Qui n’a pas déjà ressenti la sensation effrayante de cette condition d’abandon? Qui ne percevrait pas le miracle saint et consolateur d’une parole d’affection dans ces cirsonstances?
Mais lorsqu’on se trouve devant une solitude telle qu’elle ne peut plus être atteinte par la parole transformatrice de l’amour, alors nous parlons de l’enfer. Et nous savons que bon nombre d’hommes de notre époque, en apparence si optimiste, sont de l’avis que toute rencontre reste superficielle, qu’aucun homme n’a accès à l’ultime et véritable profondeur d’autrui et donc que, tout au fond de chaque existence, gisent le désespoir, et même l’enfer. Jean-Paul Sartre a exprimé cela de façon poétique dans l’un de ses drames, et a exposé en même temps le cœur de sa doctrine sur l’homme. Une chose est sûre: il y a une nuit dans l’obscur abandon de laquelle ne pénètre aucune parole de réconfort, il y a une porte que nous devons franchir dans une solitude absolue: la porte de la mort. Toute l’angoisse de ce monde est en dernière analyse l’angoisse provoquée par cette solitude. C’est pourquoi le terme qui désignait, dans l’Ancien Testament, le royaume des morts, était identique à celui par lequel on désignait l’enfer: shêol. La mort, en effet, est solitude absolue. Mais elle est cette solitude qui ne peut plus être éclairée par l’amour, qui est tellement profonde que l’amour ne peut plus accéder à elle: elle est l’enfer.
«Descendu en enfer» – cette confession du Samedi saint signifie que Jésus-Christ a franchi la porte de la solitude, qu’il est descendu dans le fond impossible à atteindre et à surmonter de notre condition de solitude. Mais cela signifie aussi que, même dans la nuit extrême où aucune parole ne pénètre, dans laquelle nous sommes tous comme des enfants qui ont été chassés et qui pleurent, il y a une voix qui nous appelle, une main qui nous prend et qui nous conduit. La solitude insurmontable de l’homme a été surmontée depuis qu’Il s’est trouvé en elle. L’enfer a été vaincu depuis le moment où l’amour a également pénétré dans la région de la mort, depuis que le no man’s land de la solitude a été habité par Lui. Dans sa profondeur, l’homme ne vit pas de pain; dans l’authenticité de son être, il vit du fait qu’il est aimé et qu’il lui est permis d’aimer. À partir du moment où, dans l’espace de la mort, il y a la présence de l’amour, alors la vie pénètre dans la mort: à tes fidèles, ô Seigneur, la vie n’est pas enlevée, elle est transformée – prie l’Église dans la liturgie funèbre.
Personne ne peut mesurer, en dernière analyse, la portée de ces mots: «Descendu en enfer». Mais s’il nous est donné une fois de nous approcher de l’heure de notre solitude ultime, il nous sera permis de comprendre quelque chose de la grande clarté de ce mystère obscur.
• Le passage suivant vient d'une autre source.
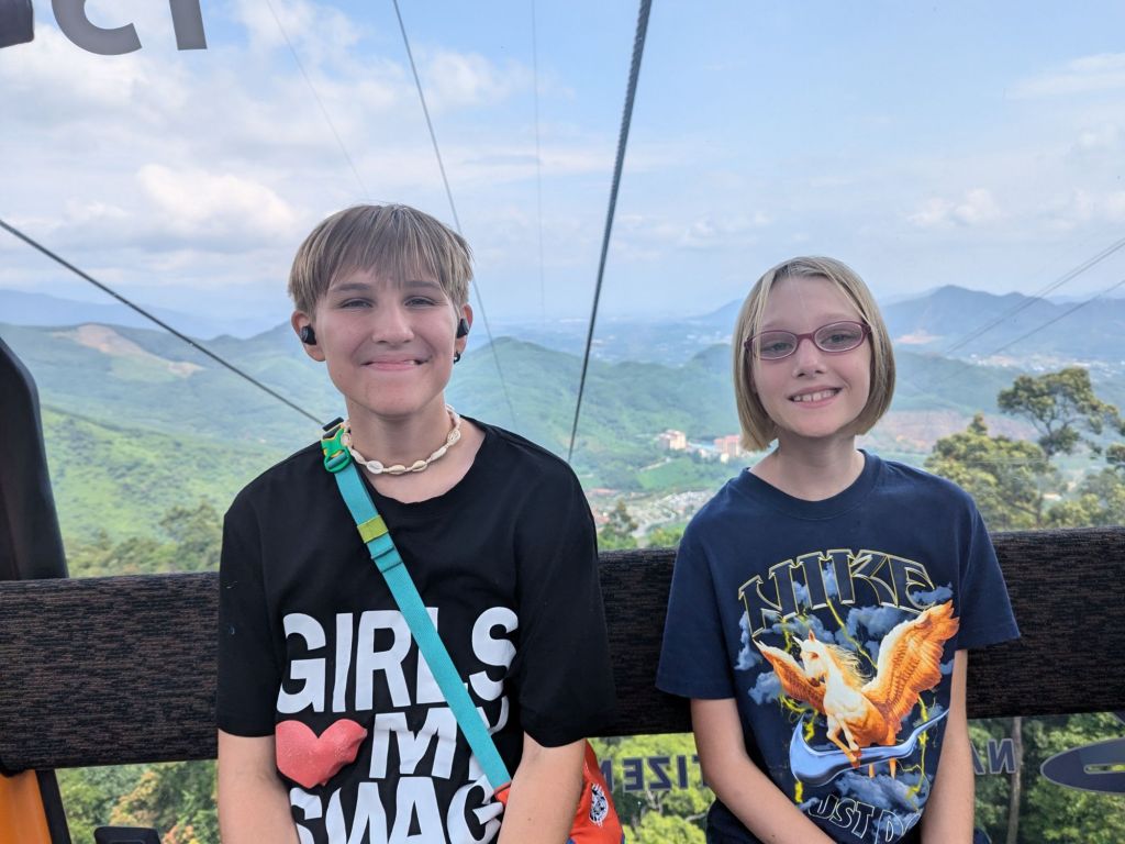 Ba Na Hills was a weird and crazy place. The gondola that took us there was small. It was sunny at first, but then got very misty and foggy. It was mysterious. It was very high up, so we were just in the clouds. We saw a Spanish dance performance. We ate lunch at a huge buffet. My favorite thing was the guava strawberry tea. We went on a mountain coaster. You control how fast or slow you go with a brake. I went fast until the turns and then I slowed down.

Dans la certitude qui espère que nous ne serons pas seuls à cette heure d’extrême solitude, nous pouvons dès maintenant avoir le présage de ce qui adviendra. Et au milieu de notre protestation contre l’obscurité de la mort de Dieu, nous commençons à devenir reconnaissants pour la lumière qui vient à nous, précisément de cette obscurité.

Note additive de traduction

(1) A propos du livre "Il Sabato della Storia".
Présentation de l'éditeur:

http://www.libreriadelsanto.it
En 1997, la "fondation pour cultiver la compréhension de l'art" qui maintient vivant l'héritage artistique du peintre américain William Congdom, demanda à Joseph Ratzinger de pouvoir republier ses méditations sur le Vendredi et le Samedi saint, écrites en 1967. En effet, plusieurs oeuvres, parmi les plus importantes, du peintre, pouvaient très bien accompagner ces Méditations.
La demande plut à Joseph Ratzinger, qui écrivit spécialement une ample introduction au volume, finement illustré en quadrichromie, qui est le résultat de cette fascinante rencontre entre l'art et la théologie.

Je me permets d'ajouter (et ce, d'autant plus que je suis en train de traduire un long article sur l'art contemporain et son rapport au sacré) que l'art de William Congdon ne me parle pas, et même me laisse parfaitement de marbre.
Mais la méditation de Joseph Ratzinger est bouleversante. Et le fait qu'il ait accepté de collaborer à un volume présentant les oeuvres de Congdon est, je l'avoue, une vraie surprise pour moi.